§ What you need to do
From the listing below, output the lines between the one with "在左側(cè)輸入供應(yī" and the one with "cosplay ✦ 🦉🦚", including those two, and nothing else. Pictures are not copied.

§ Records provided
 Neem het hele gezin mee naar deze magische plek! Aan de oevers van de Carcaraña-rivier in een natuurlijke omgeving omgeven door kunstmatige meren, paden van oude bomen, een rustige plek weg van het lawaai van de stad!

==

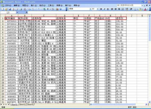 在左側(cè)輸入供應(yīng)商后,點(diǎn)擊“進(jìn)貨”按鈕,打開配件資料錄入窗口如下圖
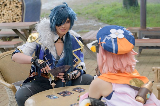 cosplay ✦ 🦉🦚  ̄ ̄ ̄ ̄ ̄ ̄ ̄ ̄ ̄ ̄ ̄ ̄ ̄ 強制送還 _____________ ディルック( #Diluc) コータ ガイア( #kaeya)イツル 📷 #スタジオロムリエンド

§ Written response
 在左側(cè)輸入供應(yīng)商后,點(diǎn)擊“進(jìn)貨”按鈕,打開配件資料錄入窗口如下圖
 cosplay ✦ 🦉🦚  ̄ ̄ ̄ ̄ ̄ ̄ ̄ ̄ ̄ ̄ ̄ ̄ ̄ 強制送還 _____________ ディルック( #Diluc) コータ ガイア( #kaeya)イツル 📷 #スタジオロムリエンド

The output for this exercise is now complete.